[[ INFORMATION, beginning ]]

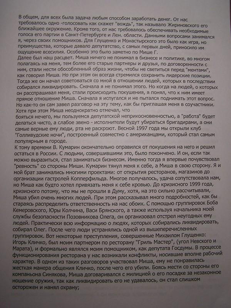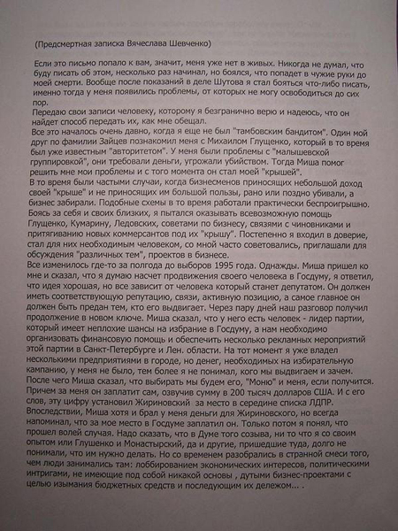 Меньше, чем через сутки после задержания Михаила Глущенко, а затем заявления СКП о его причастности к убийству Вячеслава Шевченко, в интернете появился документ "предсмертная записка", который, якобы, принадлежит перу Шевченко, и в котором он выражает обеспокоенность за свою жизнь. И связывает это беспокойство с именем Михаила Глущенко, а также обвиняет его в ряде кромких заказных убийств в Петербурге.
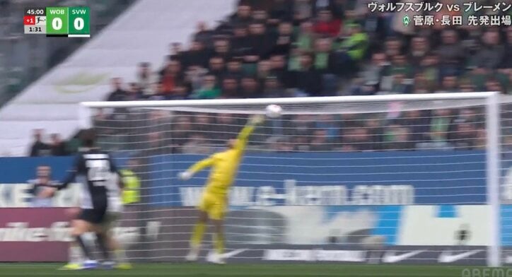 なんだこれ…!?ブレーメンGK長田澪、思わず二度見する“神プレー”「鳥肌立った」衝撃の“指先スーパーセーブ”→場内から“ミオコール” ブンデスリーガ 2026/03/22 21:45 拡大する 【ブンデスリーガ】ヴォルフスブルク 0-1 ブレーメン(日本時間3月21日/フォルクスワーゲン・アレーナ)ブレーメンの日系ドイツ人GK長田澪が、衝撃のビッグセーブでチームを救った。敵地に訪れたサポーターからは「ミオコール」が飛び出すほどのスーパープレーだった。ブレーメンの守護神として活躍する長田は、日本時間3月21日に行われたブンデスリーガ第27節のヴォルフスブルク戦でも先発で出場。序盤からビッグセーブを連発してチームを鼓舞した。 続きを読む
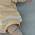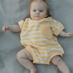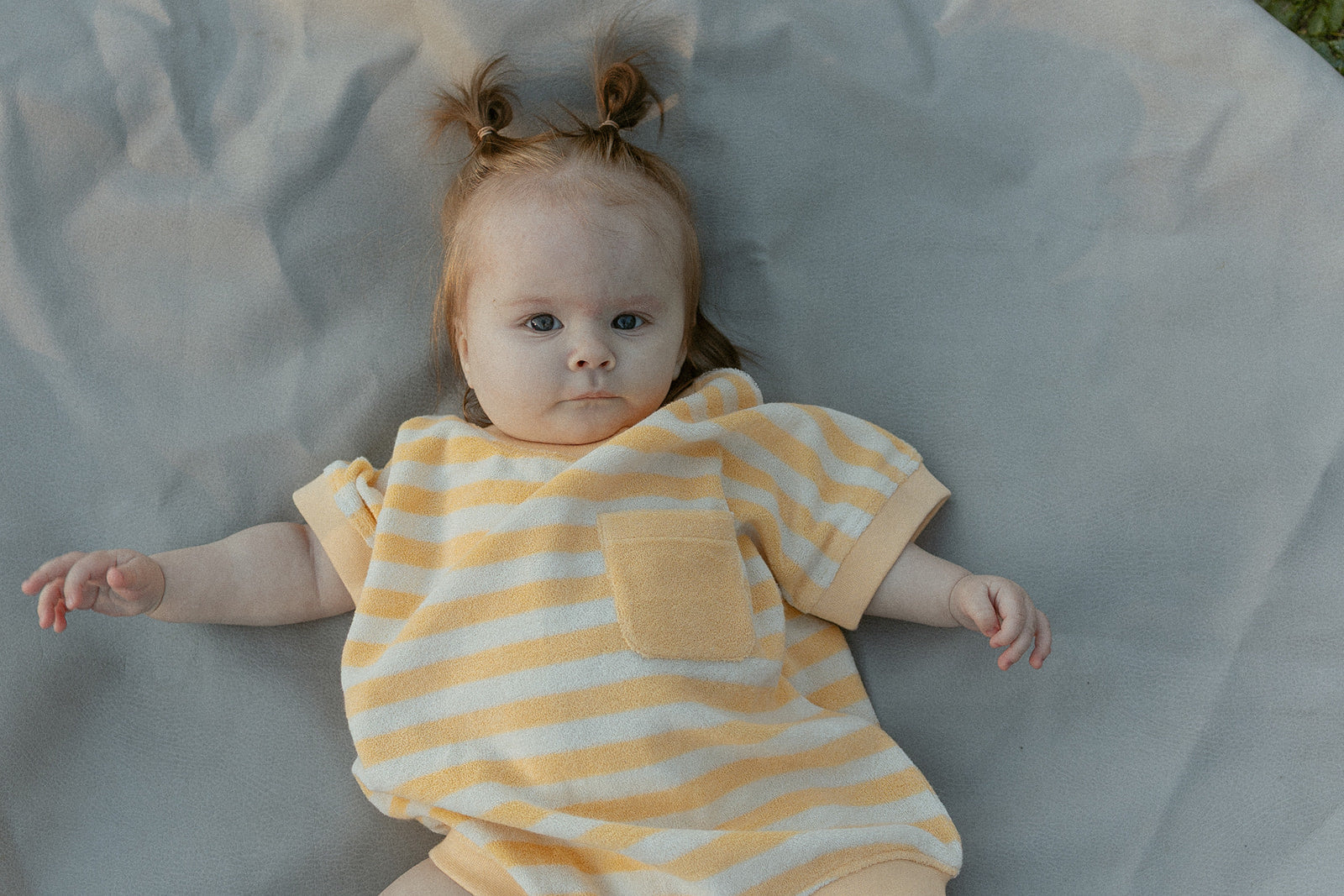 The Callie Romper is the perfect companion for little ones who love to move and play. Crafted from soft terry cloth with a charming striped pattern, this oversized romper offers the comfort and freedom babies and young toddlers need for playtime, naptime, and everything in between. The relaxed, loose fit makes it ideal for spring and summer adventures—whether your little one is exploring at home, enjoying a family vacation, or simply being their playful, fun self. Easy to slip on and built for comfort, this romper keeps up with active days while looking adorable.
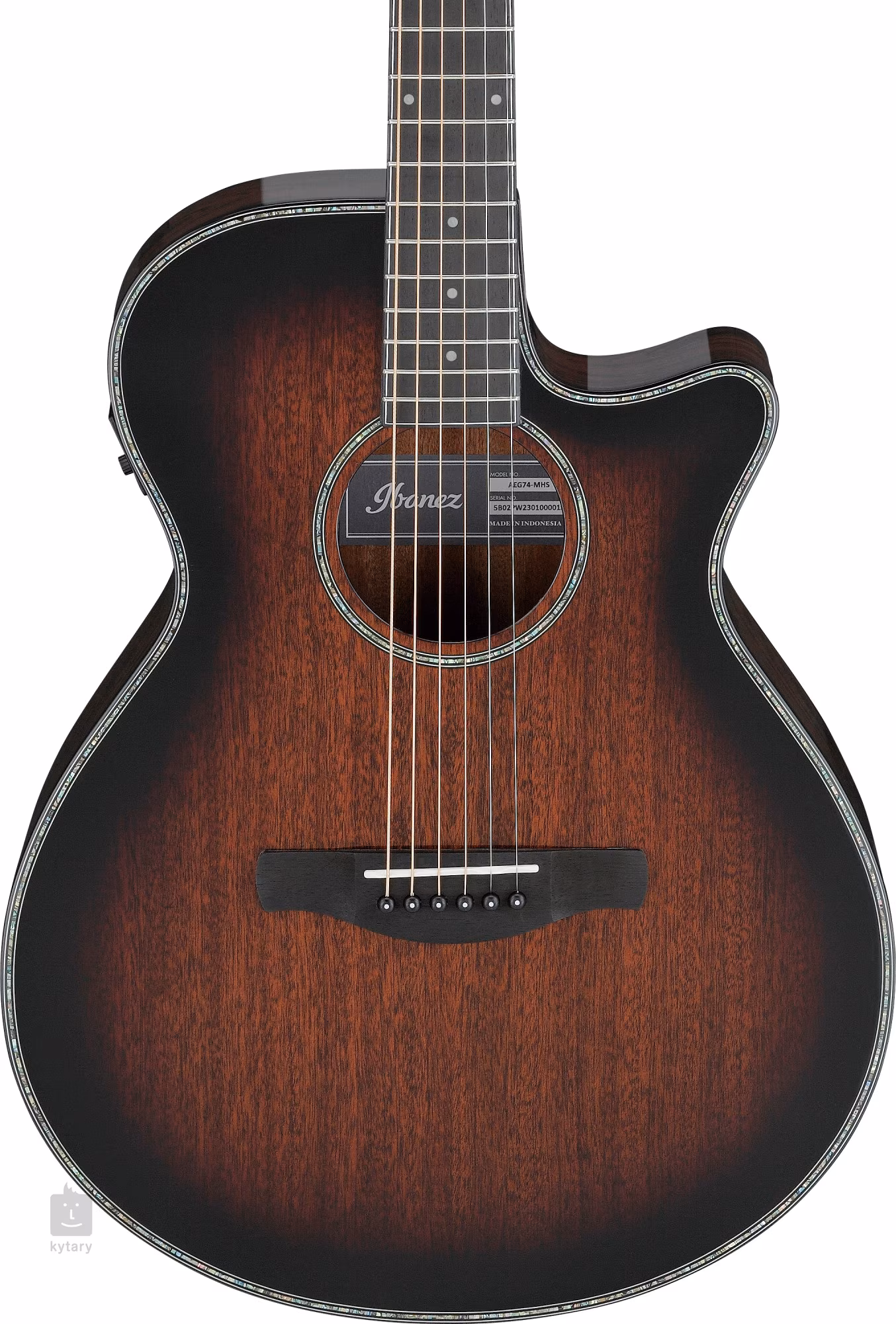 Partea frontală a AEG74-MHS este realizată din sapele laminat, în timp ce spatele și părțile laterale sunt realizate din bocot exotic laminat cu un model distinctiv. Gâtul din lemn nyatoh este lipit de o claviatură din abanos makassar cu 20 de fante. Potrivirea bună la cele mai înalte poziții ale claviaturii este facilitată de decupajul inferior al corpului.
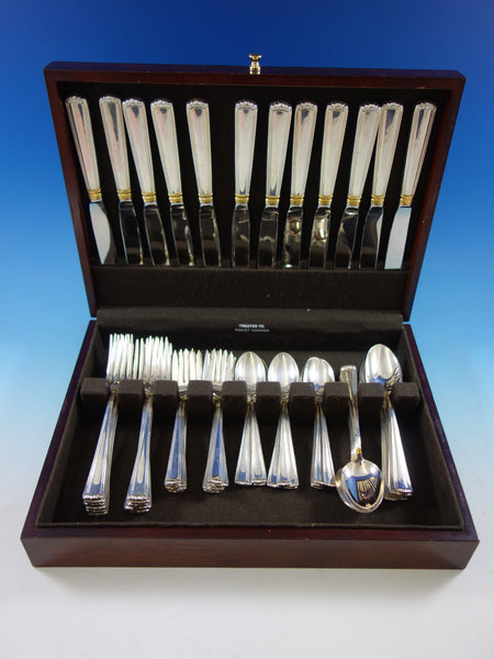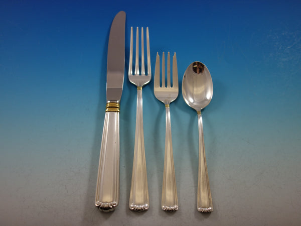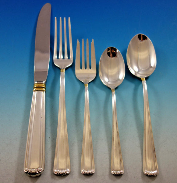 Dinner Size Embassy Scroll Gold by Lunt sterling silver Flatware set, 60 pieces. This set includes:
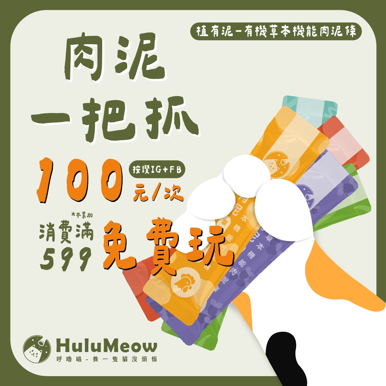 現(xiàn)場參加IG活動(dòng),立即兌換厚肉肉早點(diǎn)貓肉泥條 !
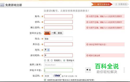游戏账号注册,带有“*”号的为必填项目,推荐人帐号和体验卡卡密最好在注册前弄到,因为那样你获得的金币数量会比别人的多很多的噢!!!
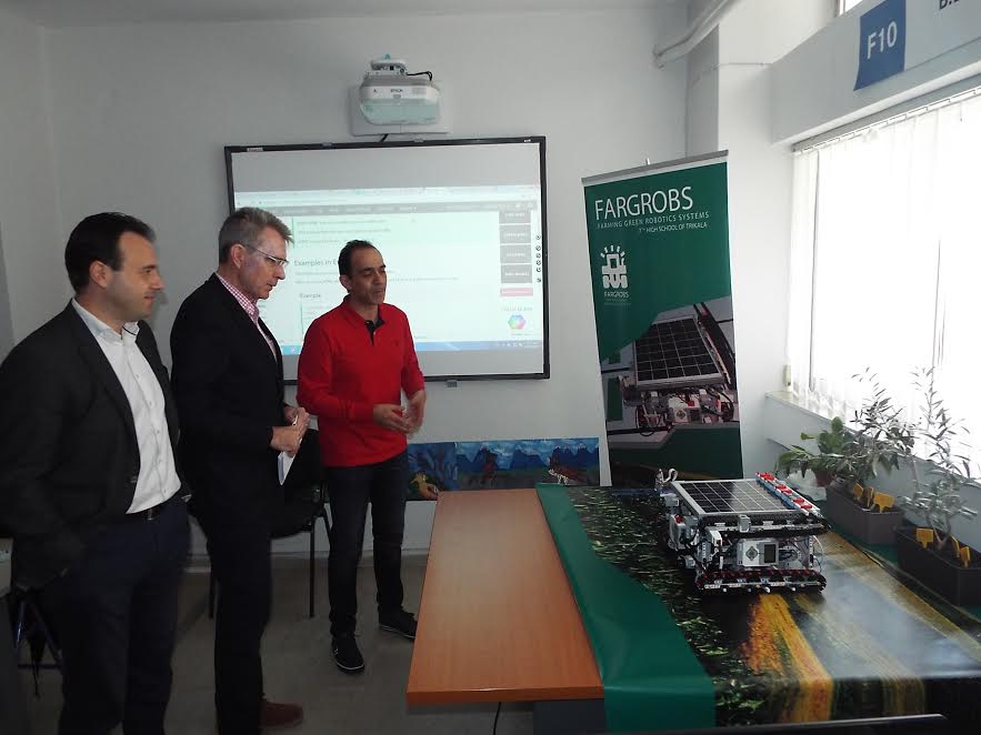 Στη συνέχεια, στους χώρους του 7ου Λυκείου Τρικάλων, είδαν από κοντά το ρομπότ της Ομάδας Ρομποτικής του σχολείου, που πήρε το πρώτο βραβείο στον 1ο Πανελλήνιο Διαγωνισμό Ρομποτικής για Λύκεια. Πρόκειται για το Fargrobs (Farming with Green Robotic System), μια εικονική επιχείρηση που χρησιμοποιεί το ρομπότ (κινείται με φωτοβολταϊκά πάνελς) για να «διαβάσει» την ατμόσφαιρα, να βρει το κάθε δέντρο – φυτό μιας καλλιέργειας και να χρησιμοποιήσει την κατάλληλη ποσότητα για ψεκασμό.
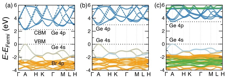 图3. DFT计算的材料能带结构(a为CsGeBr3, b为MAGeBr3, c为FAGeBr3),随着阳离子的增大CBM逐渐上移,带隙增大,与实验观察一致。
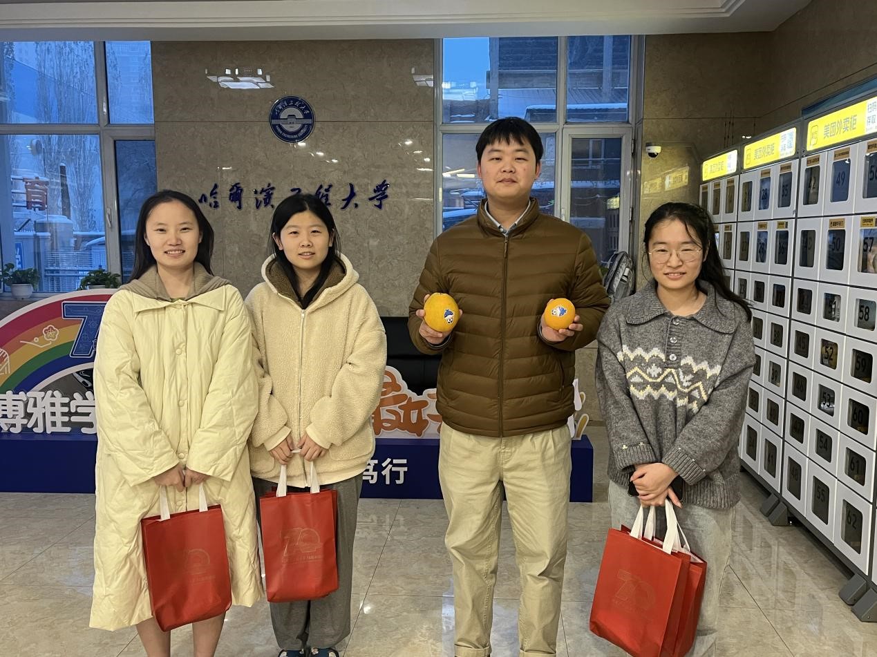 2023年11月22日,太阳成集团tyc9728党委副书记杨溪淼,毕业年级辅导员吴昊格在31号楼、学生社区以及图书馆为考研“鲸”们发放“考研上岸大礼包”,带来寒冬最温暖的祝福。
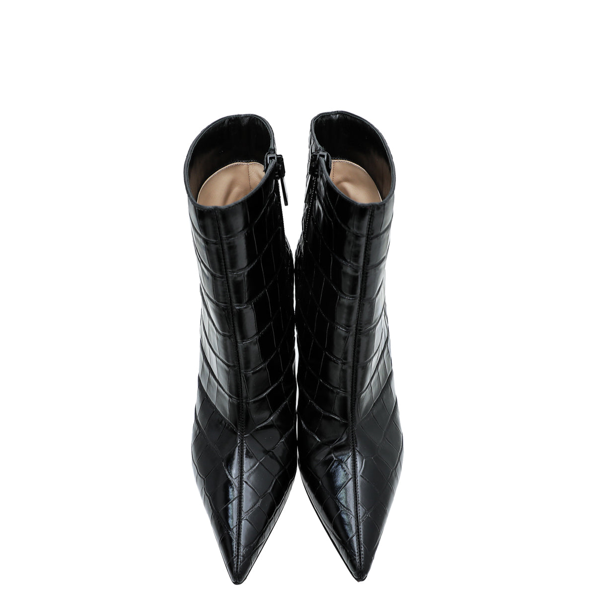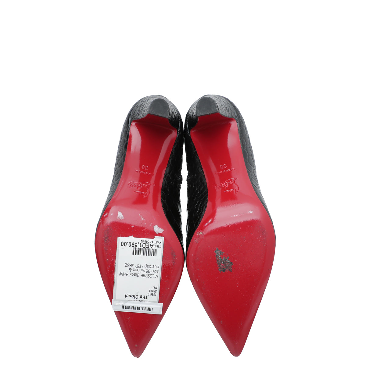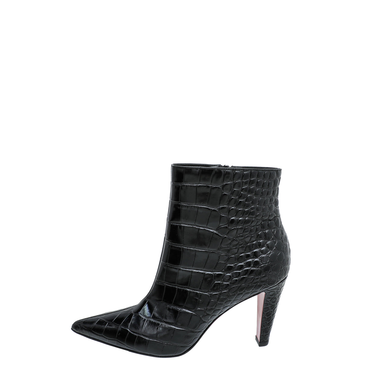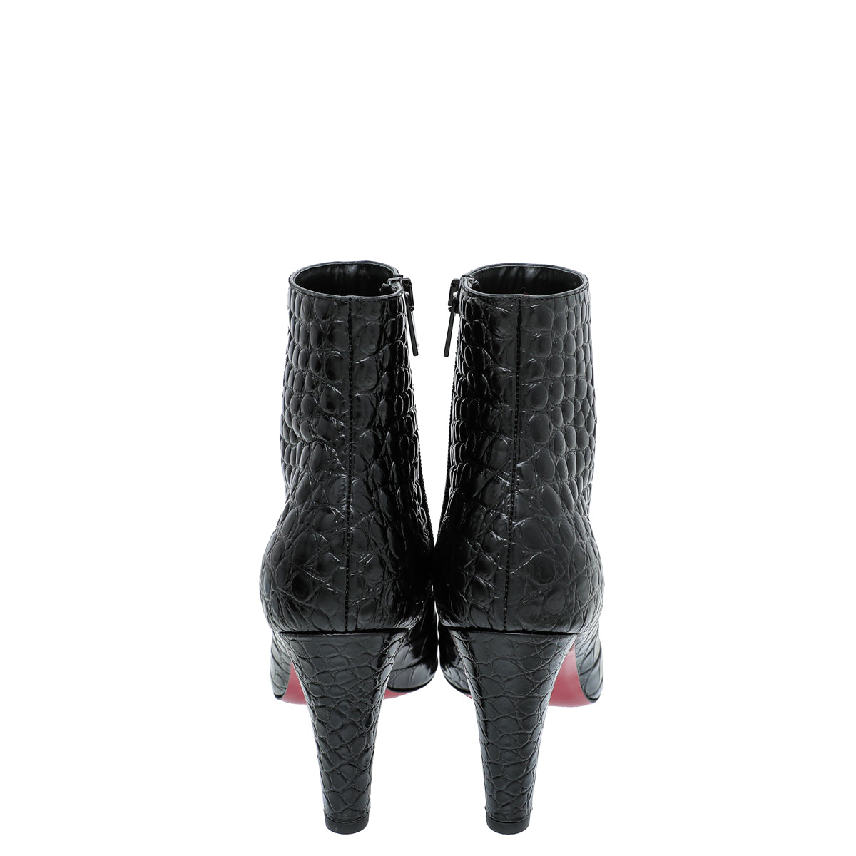Christian Louboutin Black Croc Slimini Embossed Ankle Boots 38
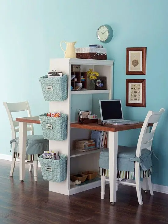 Atunci cand in casa este nevoie de doua birouri ele pot fi amplasate fata in fata si pot fi despartite de o mica bibilioteca. Bibilioteca deserveste ambele birouri, poate fi folosita si partea laterala a ei pe care sa se fixeze cosuri pentru sortarea hartiilor.

[[ INFORMATION, end ]]

- _WHAT YOU SHOULD DO_
Once the pictures are set aside, repeat the data above exactly as written.

- _RESPONSE AREA_
 Меньше, чем через сутки после задержания Михаила Глущенко, а затем заявления СКП о его причастности к убийству Вячеслава Шевченко, в интернете появился документ "предсмертная записка", который, якобы, принадлежит перу Шевченко, и в котором он выражает обеспокоенность за свою жизнь. И связывает это беспокойство с именем Михаила Глущенко, а также обвиняет его в ряде кромких заказных убийств в Петербурге.
 なんだこれ…!?ブレーメンGK長田澪、思わず二度見する“神プレー”「鳥肌立った」衝撃の“指先スーパーセーブ”→場内から“ミオコール” ブンデスリーガ 2026/03/22 21:45 拡大する 【ブンデスリーガ】ヴォルフスブルク 0-1 ブレーメン(日本時間3月21日/フォルクスワーゲン・アレーナ)ブレーメンの日系ドイツ人GK長田澪が、衝撃のビッグセーブでチームを救った。敵地に訪れたサポーターからは「ミオコール」が飛び出すほどのスーパープレーだった。ブレーメンの守護神として活躍する長田は、日本時間3月21日に行われたブンデスリーガ第27節のヴォルフスブルク戦でも先発で出場。序盤からビッグセーブを連発してチームを鼓舞した。 続きを読む
 The Callie Romper is the perfect companion for little ones who love to move and play. Crafted from soft terry cloth with a charming striped pattern, this oversized romper offers the comfort and freedom babies and young toddlers need for playtime, naptime, and everything in between. The relaxed, loose fit makes it ideal for spring and summer adventures—whether your little one is exploring at home, enjoying a family vacation, or simply being their playful, fun self. Easy to slip on and built for comfort, this romper keeps up with active days while looking adorable.
 Partea frontală a AEG74-MHS este realizată din sapele laminat, în timp ce spatele și părțile laterale sunt realizate din bocot exotic laminat cu un model distinctiv. Gâtul din lemn nyatoh este lipit de o claviatură din abanos makassar cu 20 de fante. Potrivirea bună la cele mai înalte poziții ale claviaturii este facilitată de decupajul inferior al corpului.
 Dinner Size Embassy Scroll Gold by Lunt sterling silver Flatware set, 60 pieces. This set includes:
 現(xiàn)場參加IG活動(dòng),立即兌換厚肉肉早點(diǎn)貓肉泥條 !
游戏账号注册,带有“*”号的为必填项目,推荐人帐号和体验卡卡密最好在注册前弄到,因为那样你获得的金币数量会比别人的多很多的噢!!!
 Στη συνέχεια, στους χώρους του 7ου Λυκείου Τρικάλων, είδαν από κοντά το ρομπότ της Ομάδας Ρομποτικής του σχολείου, που πήρε το πρώτο βραβείο στον 1ο Πανελλήνιο Διαγωνισμό Ρομποτικής για Λύκεια. Πρόκειται για το Fargrobs (Farming with Green Robotic System), μια εικονική επιχείρηση που χρησιμοποιεί το ρομπότ (κινείται με φωτοβολταϊκά πάνελς) για να «διαβάσει» την ατμόσφαιρα, να βρει το κάθε δέντρο – φυτό μιας καλλιέργειας και να χρησιμοποιήσει την κατάλληλη ποσότητα για ψεκασμό.
 图3. DFT计算的材料能带结构(a为CsGeBr3, b为MAGeBr3, c为FAGeBr3),随着阳离子的增大CBM逐渐上移,带隙增大,与实验观察一致。
 2023年11月22日,太阳成集团tyc9728党委副书记杨溪淼,毕业年级辅导员吴昊格在31号楼、学生社区以及图书馆为考研“鲸”们发放“考研上岸大礼包”,带来寒冬最温暖的祝福。
Christian Louboutin Black Croc Slimini Embossed Ankle Boots 38
 Atunci cand in casa este nevoie de doua birouri ele pot fi amplasate fata in fata si pot fi despartite de o mica bibilioteca. Bibilioteca deserveste ambele birouri, poate fi folosita si partea laterala a ei pe care sa se fixeze cosuri pentru sortarea hartiilor.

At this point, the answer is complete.